Excessive-performance computing methods typically use all-flash architectures and kernel-mode parallel file methods to fulfill efficiency calls for. Nevertheless, the growing sizes of each information volumes and distributed system clusters elevate important value challenges for all-flash storage and huge operational challenges for kernel shoppers.
JuiceFS is a cloud-native distributed file system that operates completely in consumer area. It improves I/O throughput considerably by means of the distributed cache and makes use of cost-effective object storage for information storage. It’s therefore appropriate for serving large-scale AI workloads.
In JuiceFS, studying information begins with a client-side learn request, which is shipped to the JuiceFS consumer through FUSE. This request then passes by means of a readahead buffer layer, enters the cache layer, and in the end accesses object storage. To boost studying effectivity, we make use of varied methods within the structure, together with information readahead, prefetch, and cache.
On this article, we’ll analyze the working rules of those methods intimately and share our take a look at leads to particular eventualities. We hope this text will present insights for enhancing your system efficiency.

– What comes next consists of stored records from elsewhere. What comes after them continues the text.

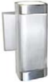
86109AL Lightray 2-Light LED Wall Sconce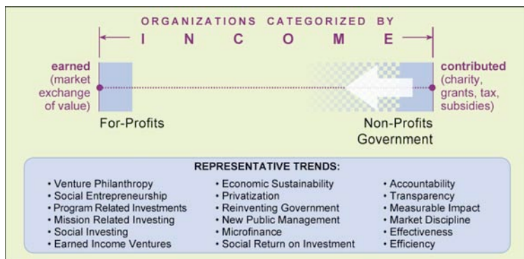
Figure 2. Blurring Boundaries of the Public and Social Sectors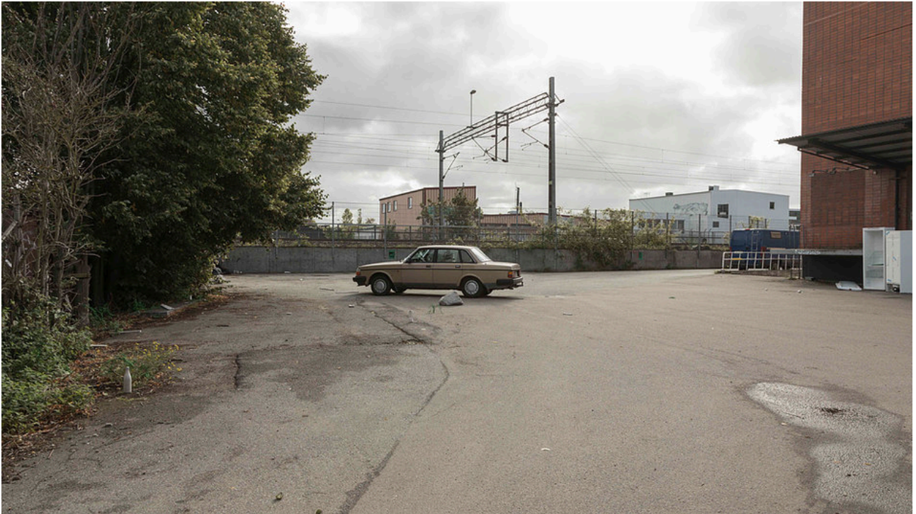
Installation view: Celsiusgatan 45, Malmö, Sweden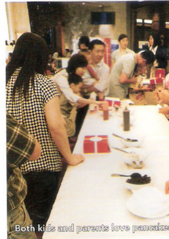
Both kids and parents love pancakes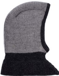
MODEL 270 COL 10 GREY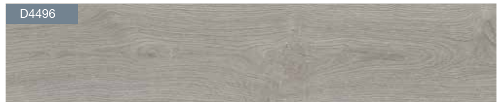
KA14 – Rock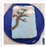
Best Cover: #16 The Housekeeper and the Professor

JuiceFS Structure Introduction
The structure of JuiceFS Group Version consists of three fundamental components in complete, referred to as consumer, information storage, and metadata. Knowledge entry is supported by means of varied interfaces, together with POSIX, HDFS API, S3 API, and Kubernetes CSI, catering to totally different utility eventualities. When it comes to information storage, JuiceFS helps dozens of object storage options, together with public cloud providers and self-hosted options corresponding to Ceph and MinIO. The metadata engine works with main databases corresponding to Redis, TiKV, and PostgreSQL.
Structure: JuiceFS Group Version (left) vs. Enterprise Version (proper)

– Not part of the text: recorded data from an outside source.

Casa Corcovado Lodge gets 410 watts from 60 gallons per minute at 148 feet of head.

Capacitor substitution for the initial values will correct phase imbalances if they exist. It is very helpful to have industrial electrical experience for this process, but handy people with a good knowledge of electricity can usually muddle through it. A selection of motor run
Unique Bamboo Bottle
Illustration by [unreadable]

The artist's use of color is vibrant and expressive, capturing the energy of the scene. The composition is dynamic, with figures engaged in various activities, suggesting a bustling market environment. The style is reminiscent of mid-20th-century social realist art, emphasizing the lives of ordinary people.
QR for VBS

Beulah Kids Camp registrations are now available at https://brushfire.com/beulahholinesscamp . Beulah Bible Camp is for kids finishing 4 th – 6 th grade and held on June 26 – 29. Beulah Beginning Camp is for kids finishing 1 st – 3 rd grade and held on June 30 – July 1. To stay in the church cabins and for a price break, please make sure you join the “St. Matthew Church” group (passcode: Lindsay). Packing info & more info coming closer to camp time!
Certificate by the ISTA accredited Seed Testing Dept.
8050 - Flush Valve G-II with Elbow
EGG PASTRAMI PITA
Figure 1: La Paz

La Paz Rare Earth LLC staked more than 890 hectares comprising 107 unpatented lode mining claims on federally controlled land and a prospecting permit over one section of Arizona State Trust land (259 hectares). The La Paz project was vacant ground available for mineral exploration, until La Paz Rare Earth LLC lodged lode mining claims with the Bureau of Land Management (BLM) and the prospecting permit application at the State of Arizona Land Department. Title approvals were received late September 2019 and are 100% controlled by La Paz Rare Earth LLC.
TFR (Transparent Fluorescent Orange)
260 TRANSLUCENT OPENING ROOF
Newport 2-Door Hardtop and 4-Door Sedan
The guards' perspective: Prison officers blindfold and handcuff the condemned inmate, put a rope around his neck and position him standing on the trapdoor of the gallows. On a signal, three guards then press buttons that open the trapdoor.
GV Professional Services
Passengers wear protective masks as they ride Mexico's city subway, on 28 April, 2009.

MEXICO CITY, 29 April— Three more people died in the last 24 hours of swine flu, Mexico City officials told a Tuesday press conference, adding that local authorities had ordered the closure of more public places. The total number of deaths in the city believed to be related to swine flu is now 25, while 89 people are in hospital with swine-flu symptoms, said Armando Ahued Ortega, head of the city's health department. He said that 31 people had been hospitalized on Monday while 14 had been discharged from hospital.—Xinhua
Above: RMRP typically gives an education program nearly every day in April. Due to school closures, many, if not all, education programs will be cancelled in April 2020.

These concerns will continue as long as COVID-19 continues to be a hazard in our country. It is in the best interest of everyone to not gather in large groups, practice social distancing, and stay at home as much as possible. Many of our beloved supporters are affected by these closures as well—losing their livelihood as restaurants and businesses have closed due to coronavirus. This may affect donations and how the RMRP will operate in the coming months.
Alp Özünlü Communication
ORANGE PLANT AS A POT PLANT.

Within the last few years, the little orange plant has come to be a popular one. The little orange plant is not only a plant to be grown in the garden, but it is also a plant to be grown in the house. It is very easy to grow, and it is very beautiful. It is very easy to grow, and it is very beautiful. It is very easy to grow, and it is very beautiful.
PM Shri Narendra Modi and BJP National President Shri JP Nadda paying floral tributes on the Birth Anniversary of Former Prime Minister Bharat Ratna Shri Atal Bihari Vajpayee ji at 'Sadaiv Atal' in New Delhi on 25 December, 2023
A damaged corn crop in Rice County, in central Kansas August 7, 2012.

The first variations between the neighborhood version and the enterprise version are in dealing with the metadata engine and information caching, as proven within the determine above. Particularly, the enterprise version features a proprietary distributed metadata engine and helps distributed cache, whereas the neighborhood version solely helps native cache.
Ideas of Reads in Linux
There are numerous methods to learn information within the Linux system:
- Buffered I/O: It’s the usual technique to learn recordsdata. Knowledge passes by means of the kernel buffer, and the kernel executes readahead operations to make reads extra environment friendly.
- Direct I/O: Bypassing the kernel buffer, this system permits file I/O operations. This lowers reminiscence utilization and information copying. Giant information transfers are acceptable for it.

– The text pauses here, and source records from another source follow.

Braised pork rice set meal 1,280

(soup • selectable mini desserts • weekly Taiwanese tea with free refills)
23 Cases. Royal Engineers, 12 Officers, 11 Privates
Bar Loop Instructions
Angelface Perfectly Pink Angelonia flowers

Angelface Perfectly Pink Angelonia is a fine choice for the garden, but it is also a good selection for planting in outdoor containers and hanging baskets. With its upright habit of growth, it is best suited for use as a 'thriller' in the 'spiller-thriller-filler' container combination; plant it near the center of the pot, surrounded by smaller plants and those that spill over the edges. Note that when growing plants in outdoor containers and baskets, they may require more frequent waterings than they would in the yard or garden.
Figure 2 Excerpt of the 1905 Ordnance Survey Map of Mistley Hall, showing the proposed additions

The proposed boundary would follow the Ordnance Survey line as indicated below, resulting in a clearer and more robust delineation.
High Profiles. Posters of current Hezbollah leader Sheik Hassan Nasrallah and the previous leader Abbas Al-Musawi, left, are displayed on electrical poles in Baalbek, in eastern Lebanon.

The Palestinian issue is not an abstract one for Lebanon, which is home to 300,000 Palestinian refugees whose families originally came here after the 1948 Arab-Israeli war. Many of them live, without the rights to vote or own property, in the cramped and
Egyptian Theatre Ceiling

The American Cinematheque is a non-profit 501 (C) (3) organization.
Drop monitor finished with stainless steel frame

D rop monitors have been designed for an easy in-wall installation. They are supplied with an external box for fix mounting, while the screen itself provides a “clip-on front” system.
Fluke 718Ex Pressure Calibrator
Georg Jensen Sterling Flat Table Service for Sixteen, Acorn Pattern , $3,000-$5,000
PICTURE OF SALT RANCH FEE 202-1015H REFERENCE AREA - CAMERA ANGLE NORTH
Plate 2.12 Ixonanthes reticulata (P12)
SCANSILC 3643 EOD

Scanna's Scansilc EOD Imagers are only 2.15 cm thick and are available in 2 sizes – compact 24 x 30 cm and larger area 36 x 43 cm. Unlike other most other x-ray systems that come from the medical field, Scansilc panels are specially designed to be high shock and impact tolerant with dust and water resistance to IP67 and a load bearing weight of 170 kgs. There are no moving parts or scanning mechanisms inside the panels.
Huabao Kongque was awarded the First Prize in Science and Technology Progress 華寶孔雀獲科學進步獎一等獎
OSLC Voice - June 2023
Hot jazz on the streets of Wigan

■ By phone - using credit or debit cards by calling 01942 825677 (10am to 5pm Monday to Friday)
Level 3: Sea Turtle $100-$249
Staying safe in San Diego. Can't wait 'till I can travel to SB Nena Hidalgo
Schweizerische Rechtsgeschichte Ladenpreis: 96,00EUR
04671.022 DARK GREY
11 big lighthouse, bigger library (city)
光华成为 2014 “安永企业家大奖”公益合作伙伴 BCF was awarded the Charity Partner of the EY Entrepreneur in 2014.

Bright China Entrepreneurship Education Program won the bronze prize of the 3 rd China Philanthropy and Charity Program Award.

- Asynchronous I/O: Incessantly employed along side direct I/O, this system permits packages to ship out a number of I/O requests on a single thread with out having to attend for every request to complete. This improves I/O concurrency efficiency.
- Reminiscence map: This system makes use of tips to map recordsdata into the deal with area of the method, enabling speedy entry to file content material. With reminiscence mapping, functions can entry the mapped file space as if it have been common reminiscence, with the kernel mechanically dealing with information reads and writes.
These studying modes carry particular challenges to storage methods:
- Random reads: Together with each random massive I/O reads and random small I/O reads, these primarily take a look at the storage system’s latency and IOPS.
- Sequential reads: These primarily take a look at the storage system’s bandwidth.
- Studying numerous small recordsdata: This exams the efficiency of the storage system’s metadata engine and the general system’s IOPS capabilities.
JuiceFS Learn Course of Evaluation
We make use of a method of file chunking. A file is logically divided into a number of chunks, every with a set dimension of 64 MB. Every chunk is additional subdivided into 4 MB blocks, that are the precise storage models within the object storage. Many efficiency optimization measures in JuiceFS are carefully associated to this chunking technique. Be taught extra concerning the JuiceFS storage workflow.
To optimize learn efficiency, we implement a number of strategies corresponding to readahead, prefetch, and cache.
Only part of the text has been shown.